The problem
Below are entries with pictures among them; reproduce exactly, and only, the lines from the one containing "across Eliot Creek, so" down to the one containing "In order to", without the pictures.

The data
[Start of Attachment]
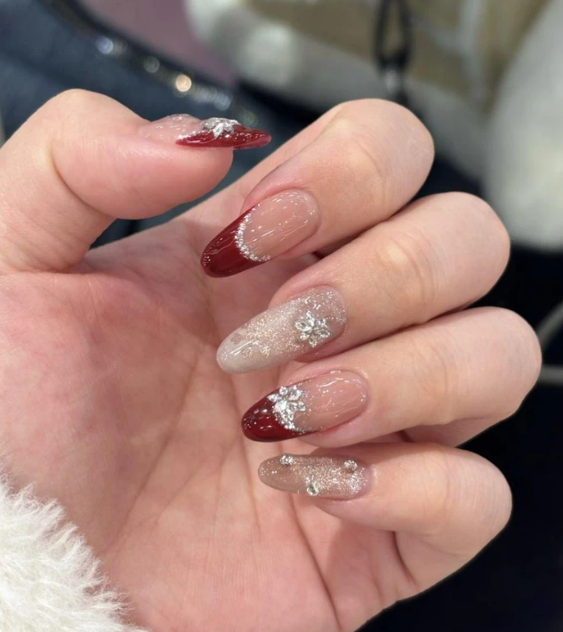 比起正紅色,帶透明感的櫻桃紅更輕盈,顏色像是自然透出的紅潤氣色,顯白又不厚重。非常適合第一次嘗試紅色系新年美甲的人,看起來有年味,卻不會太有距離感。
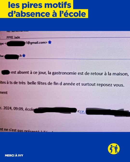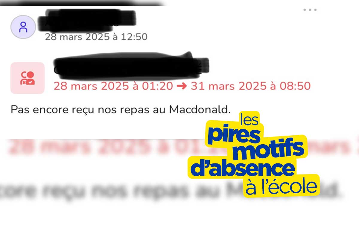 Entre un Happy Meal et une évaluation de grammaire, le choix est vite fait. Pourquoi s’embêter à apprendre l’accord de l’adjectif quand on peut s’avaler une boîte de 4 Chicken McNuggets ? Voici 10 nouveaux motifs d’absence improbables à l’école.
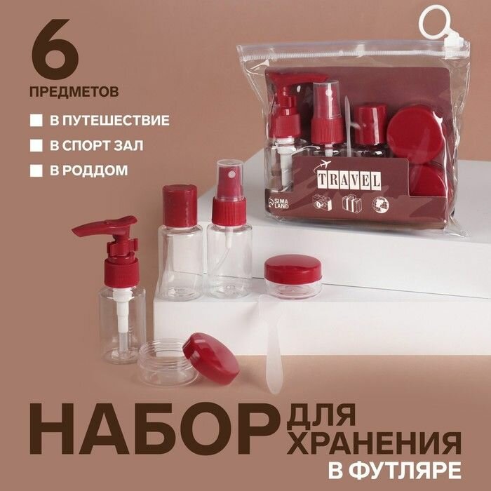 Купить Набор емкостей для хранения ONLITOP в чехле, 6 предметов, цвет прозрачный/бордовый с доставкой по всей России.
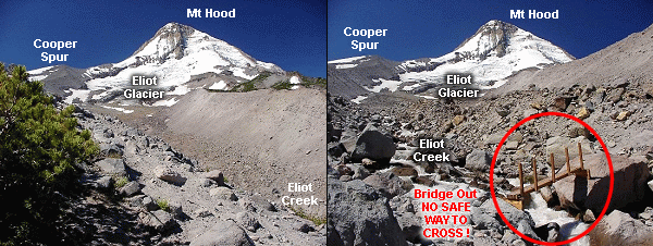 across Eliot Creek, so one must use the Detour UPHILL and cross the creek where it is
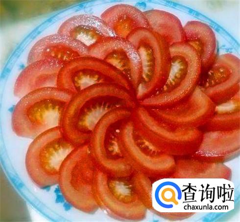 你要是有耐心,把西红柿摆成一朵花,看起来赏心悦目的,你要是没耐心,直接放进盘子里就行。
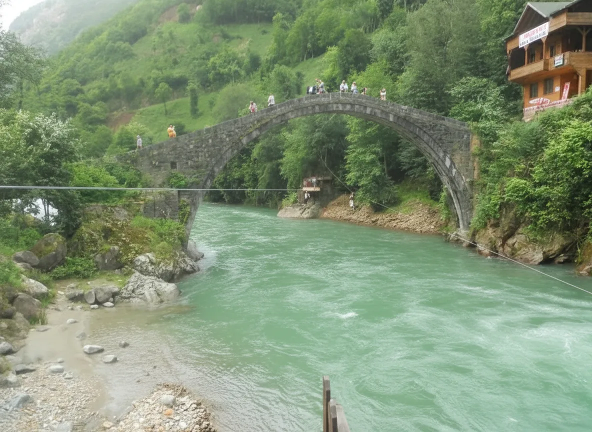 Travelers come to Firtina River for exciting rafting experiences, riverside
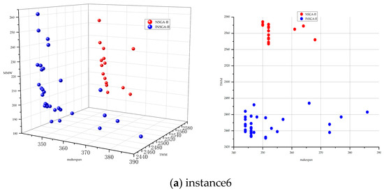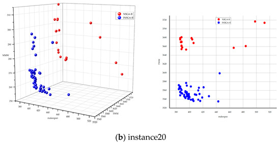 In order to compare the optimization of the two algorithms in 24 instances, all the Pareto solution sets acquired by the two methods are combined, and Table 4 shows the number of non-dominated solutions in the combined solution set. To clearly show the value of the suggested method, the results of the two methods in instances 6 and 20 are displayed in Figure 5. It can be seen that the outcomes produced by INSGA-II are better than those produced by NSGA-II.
[End of Attachment]
[Start of Attachment]
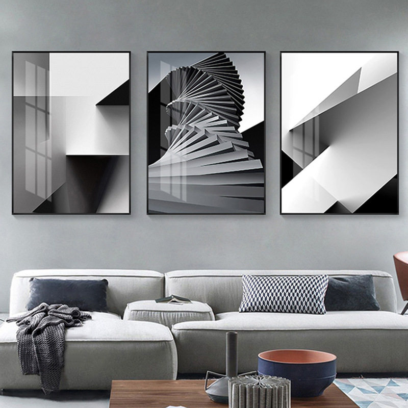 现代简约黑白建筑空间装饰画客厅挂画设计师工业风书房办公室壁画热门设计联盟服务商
[End of Attachment]
Exercise output
 across Eliot Creek, so one must use the Detour UPHILL and cross the creek where it is
 你要是有耐心,把西红柿摆成一朵花,看起来赏心悦目的,你要是没耐心,直接放进盘子里就行。
 Travelers come to Firtina River for exciting rafting experiences, riverside
 In order to compare the optimization of the two algorithms in 24 instances, all the Pareto solution sets acquired by the two methods are combined, and Table 4 shows the number of non-dominated solutions in the combined solution set. To clearly show the value of the suggested method, the results of the two methods in instances 6 and 20 are displayed in Figure 5. It can be seen that the outcomes produced by INSGA-II are better than those produced by NSGA-II.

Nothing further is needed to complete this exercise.